Kurz darauf drohte Trumps Chef der Medienaufsicht dem ABC-Mutterkonzern Disney
mit dem Entzug der Sendelizenz. [….]
(Maik Koltermann, Mopo, 18.09.2025)
Gilda Sahebi hat Recht. Man musste damit rechnen. Aber es
geht verdammt schnell.
[….] Colbert, der immer
schon bewies, dass Unterhaltung und Haltung keine Gegensätze sind, war Trumps
erstes Late-Night-Opfer, bei Kimmel reichte ein Monolog über den Mord an
Charlie Kirk: Er kritisierte jene, die das Verbrechen politisch ausschlachten
wollten, und hielt ihnen den sogenannten Spiegel vor. Was Late Night schon
immer war, nämlich kluge, zugespitzte Reflexion, wurde ihm zum Vorwurf.

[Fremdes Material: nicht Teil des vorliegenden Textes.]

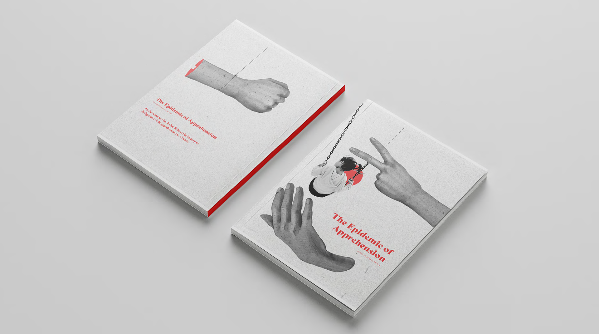 It was very important to me that this project encompassed the underlying systemic racism showcased by the residential schools, is still very much alive today. It uses photography and language that we're all accustomed to seeing everyday, and gives them a new perspective. Using relatable language and nostalgic imagery, this book re-contextualizes the epidemic of Indigenous child apprehension within the Covid-19 pandemic, and triggers connections to the childhood of the reader in contrast to the loss of youth written about in the book. Using language related to Covid-19 news headlines was intentional because it aims to convey the present day relevance of systemic racism. It does not attempt to compare the severity of one tragedy to the other.

Senderketten wie Nexstar verweigerten die Ausstrahlung, die Aufsichtsbehörde
FCC drohte und ABC setzte seine Show aus. Auf unbestimmte Zeit, wie es
offiziell heißt.

Dass diese Aus- und
Absetzungen Entscheidungen von ganz weit oben sind, bewies Trump mehr oder
weniger selbst, als er Ende Juli auf seiner Plattform schrieb, er weise jede
Verantwortung für Colberts Absetzung von sich – nur um einen halbgaren Satz
später Jimmy Kimmel und Jimmy Fallon als „die nächsten im unbegabten
Late-Night-Karussell“ zu verspotten und sich für ihren möglichen Untergang eine
Mitverantwortung zu wünschen. Das liest sich heute wie eine Bestellung. Das Late-Night-Format war einst das freie
Terrain für den respektlosen Witz und die ironische Selbstbefragung einer
ganzen Gesellschaft. Kimmels Sendung ist keine reine Unterhaltung, sondern eine
Kulturtechnik der Demokratie.
Dass er seiner Show beraubt
wird, ist mehr als ein medienpolitischer Zwischenfall. Es ist ein Desaster.